Cuda error when running multiple pipelines one after another

samuel17 · June 15, 2022, 11:10am

Please provide complete information as applicable to your setup.

• Hardware Platform (Jetson / GPU)
• DeepStream Version
• JetPack Version (valid for Jetson only)
• TensorRT Version
• NVIDIA GPU Driver Version (valid for GPU only)
• Issue Type( questions, new requirements, bugs)
• How to reproduce the issue ? (This is for bugs. Including which sample app is using, the configuration files content, the command line used and other details for reproducing)
• Requirement details( This is for new requirement. Including the module name-for which plugin or for which sample application, the function description)

Good morning,

I have been facing an issue for a few months that I am not trying to fix. We have internal software that goes through a list of models and runs a pipeline one after another. After running 3-7 pipelines in a row, I sometimes get this error below. The config associated with the pipeline works as when I re-run the pipeline that had an error there is no issue - it only happens when I queue multiple pipelines one after another.

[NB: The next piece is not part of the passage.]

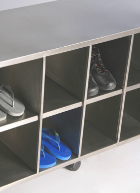 Fabricado em aço inox AISI 304, em chapa 1mm #20, acabamento polido ou escovado. Possui duas fileiras de divisórias para armazenar sapatos ou outros objetos. Número de divisórias de acordo com o comprimento escolhido.

My guess is that between each pipeline there is a memory allocation that sometimes is not released. Can you advise on how to fix this issue? This issue occurs when running tlt-converter or right before a pipeline is started

We are using deepstream-5.1 with TLT/TAO models

ERROR: nvdsinfer_context_impl.cpp:1573 Failed to synchronize on cuda copy-coplete-event, cuda err_no:700, err_str:cudaErrorIllegalAddress
0:00:01.229666287   976      0x24a3ed0 WARN                 nvinfer gstnvinfer.cpp:2021:gst_nvinfer_output_loop:<primary-inference> error: Failed to dequeue output from inferencing. NvDsInferContext error: NVDSINFER_CUDA_ERROR
0:00:01.229755945   976      0x24a3ed0 WARN                 nvinfer gstnvinfer.cpp:616:gst_nvinfer_logger:<primary-inference> NvDsInferContext[UID 1]: Warning from NvDsInferContextImpl::releaseBatchOutput() <nvdsinfer_context_impl.cpp:1599> [UID = 1]: Tried to release an unknown outputBatchID
Error: gst-stream-error-quark: Failed to dequeue output from inferencing. NvDsInferContext error: NVDSINFER_CUDA_ERROR (1): gstnvinfer.cpp(2021): gst_nvinfer_output_loop (): /GstPipeline:pipeline0/GstNvInfer:primary-inference

Fiona.Chen · June 16, 2022, 1:38am

Please provide complete information as applicable to your setup.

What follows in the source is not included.